Ülkemizde evde hastası ve ağır engelli raporu olan herkes, evde bakım parası almak için başvurabilmektedir. Başkasının bakımı olmadan hayatını devam ettiremeyen, tek başına ihtiyaçlarını gideremeyenlere bakanlar - eğer başka gelirleri yok ise - bakım maaşı alabilir. Evde bakım aylığı için yüzde 50 ve üzerinde engelli olmak gerekiyor. Ayrıca raporda "ağır engelli" bölümüne "evet" yazılmış olması da aranan şart. Engel durumuna hastanelerdeki heyet karar veriyor. Bakım maaşı yaşlı, hasta ve muhtaca değil bakana veriliyor. Başvuru Aile ve Sosyal Politikalar İl Müdürlüğü’ne veya varsa ilçe müdürlüklerine yapılıyor. Öncelikle valilik veya kaymakamlıklara bağlı defterdarlık veya mal müdürlüklerinden başvuru evrakları, sonra il veya ilçe idare kurulundan muhtaçlık kararı belgeleri alınmalı. Alınan belgeler SGK-Primsiz Ödemeler Genel Müdürlüğü’ne teslim edilir. SGK alınan belgeleri inceler ve bakım maaşı alıp almayacağınıza karar verir.

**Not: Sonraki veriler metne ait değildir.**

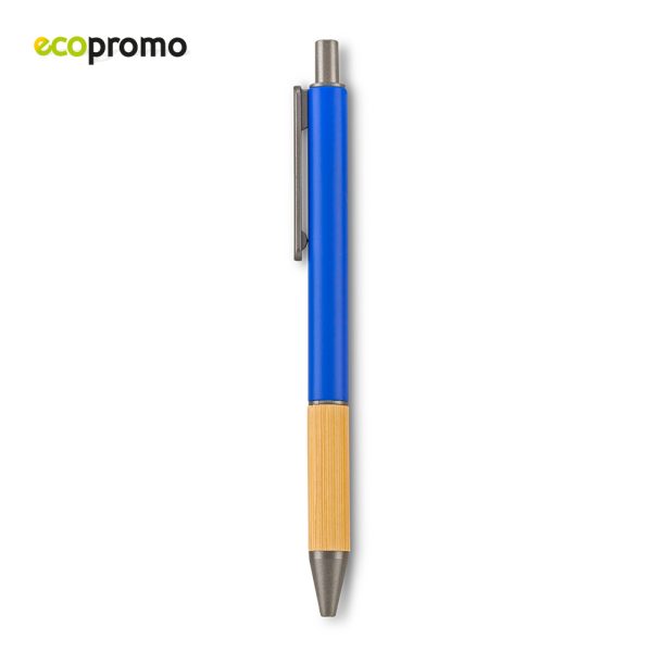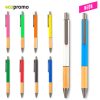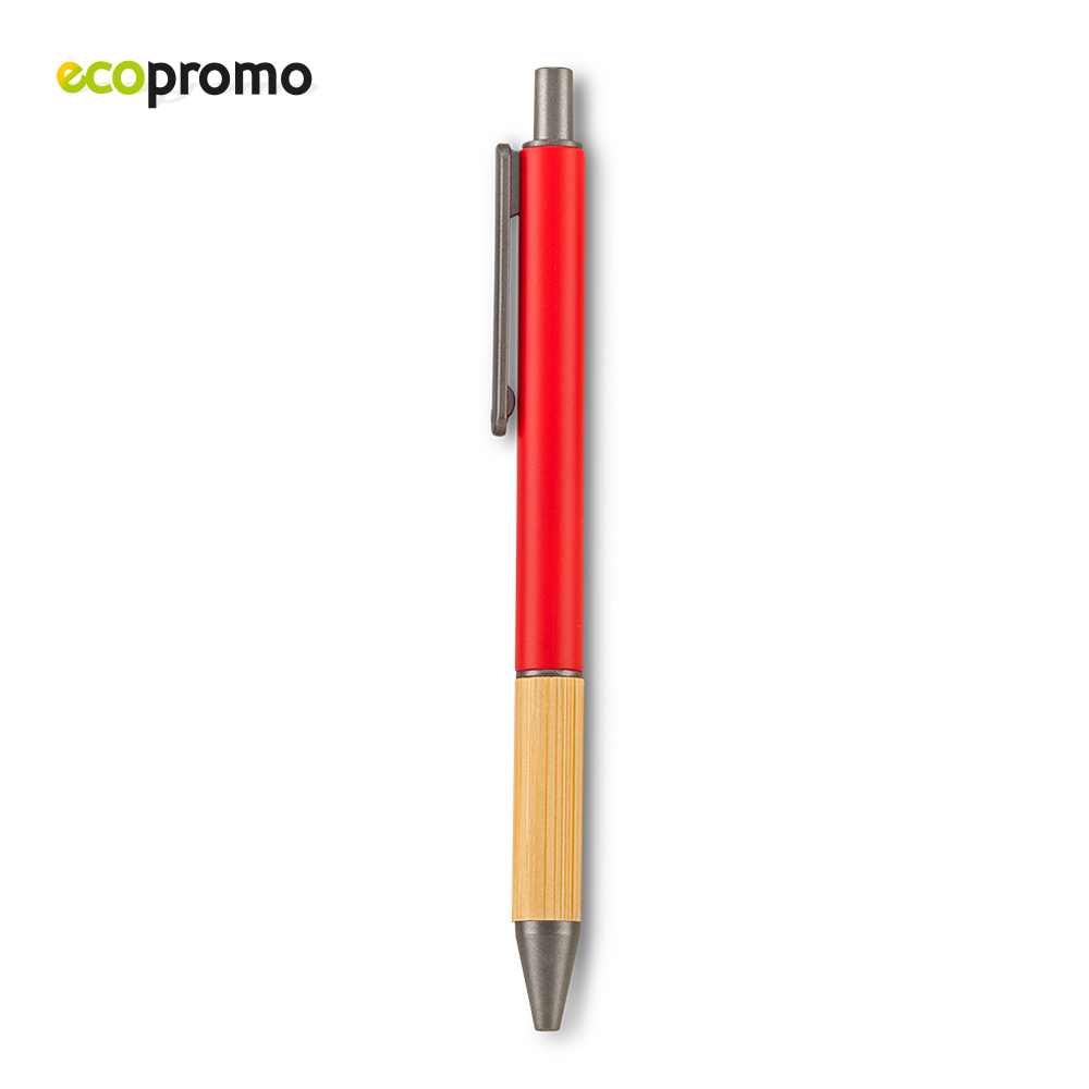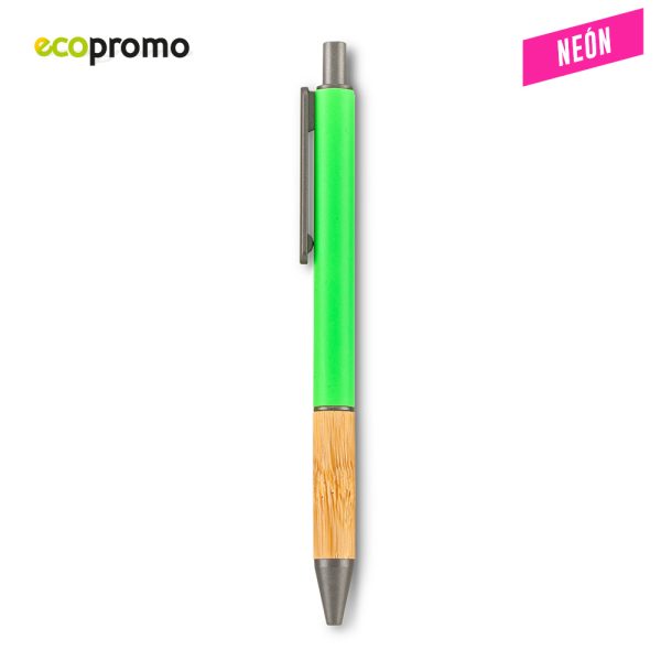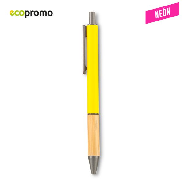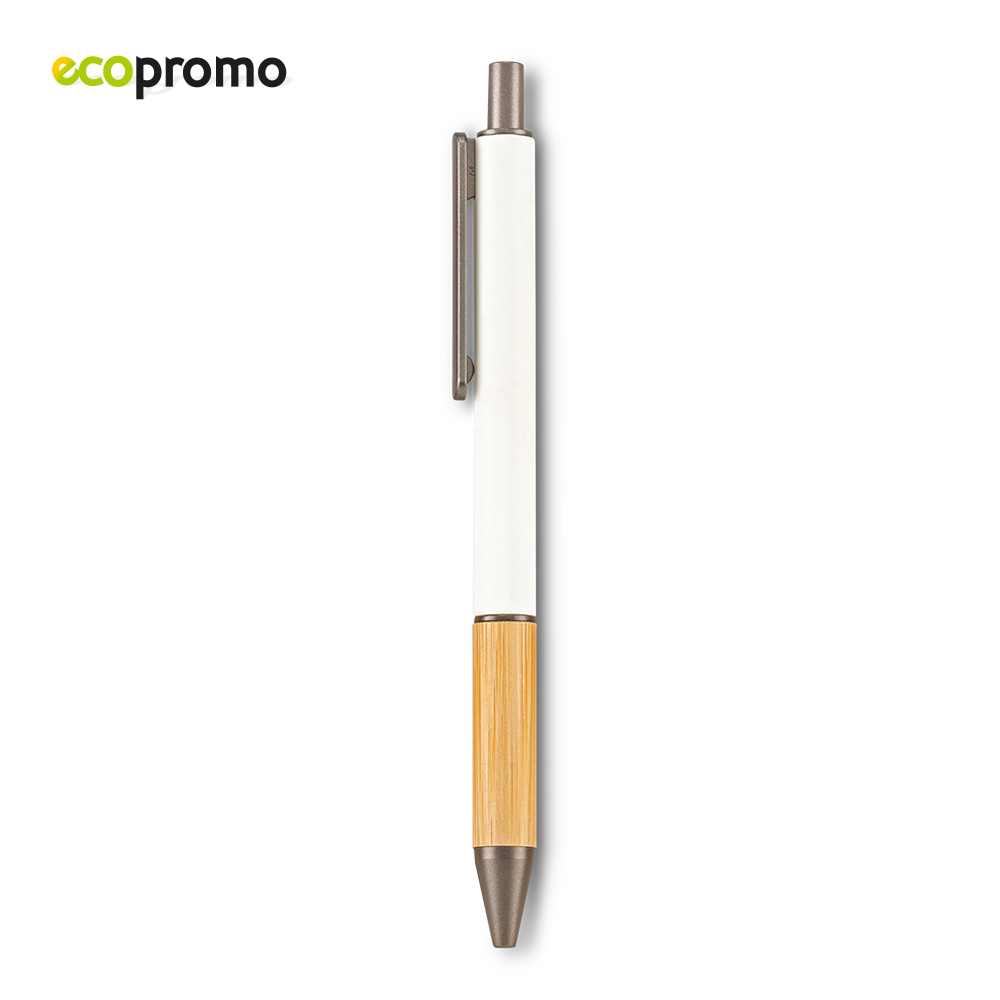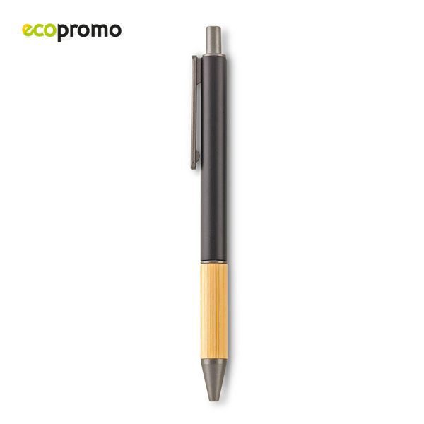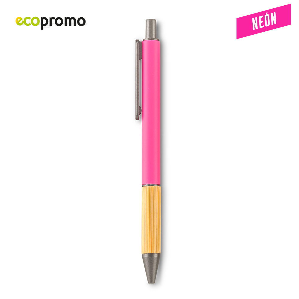 Bolígrafo plástico con grip de bambú. Mecanismo Push.

Amerikan Ulusal Kanser Enstitüsünün Bakım Verenlerin Hakları Bildirgesi

  1. Kendimi umursama hakkım var (bu bencillik değildir hastama daha iyi bakabilmem için kendime iyi davranmam lazım).
  2. Diğer insanlardan yardım isteme hakkım var (çünkü gücümün sınırlı olduğunu biliyorum).

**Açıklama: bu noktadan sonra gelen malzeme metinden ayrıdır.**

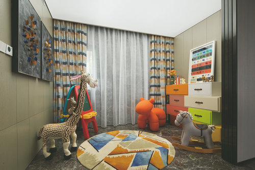 多功能房間設(shè)計為兒童玩樂區(qū)。色調(diào)溫馨。儲物柜的設(shè)計很簡單有型,給人一種時尚感,同時也很有實用性。鮮艷的色彩,各種小動物,軟軟的地毯。讓小主人無憂無慮的享受玩耍時光。主衛(wèi)整體墻地面灰影大理石設(shè)計,空間簡潔大氣。綠色植物是生活的一部分,為家?guī)碜銐虻那逍屡c自然。

  3. Hastamla ilgili olan dışında kendi yaşamımın diğer bölümlerini de sürdürme hakkım var, bazı şeyleri sadece kendim için yapma hakkına sahibim.
  4. Kızgın olmaya, depresif olmaya, kızgınlığımı, zorlandığımı, duygularımı açıklayama hakkım var.
  5. Hastamın ya da çevremdekilerin bana kendimi suçlu ya da kızgın hissettirme girişimlerimi reddetme hakkım var.
  6. Hastam için yaptıklarımla ilgili geri bildirim istemeye, affedilmeye, kabullenilmeye, sevilmeye, bağlanmaya, önemsenmeye hakkım var.
  7. Yapabildiklerimle gurur duymaya hastamın ihtiyaçlarını karşılayabildiğimde kendimi alkışlamaya hakkım var.
  8. Hastamın benim tam gün yardımıma ihtiyaç duymadığı zamanlarda beni ayakta tutabilecek bir yaşama ve bireyselliğimi korumaya hakkım var.

Aile merkezli bakım ile ailelere yardım, onkolojide bakımın ayrılmaz bir parçasıdır.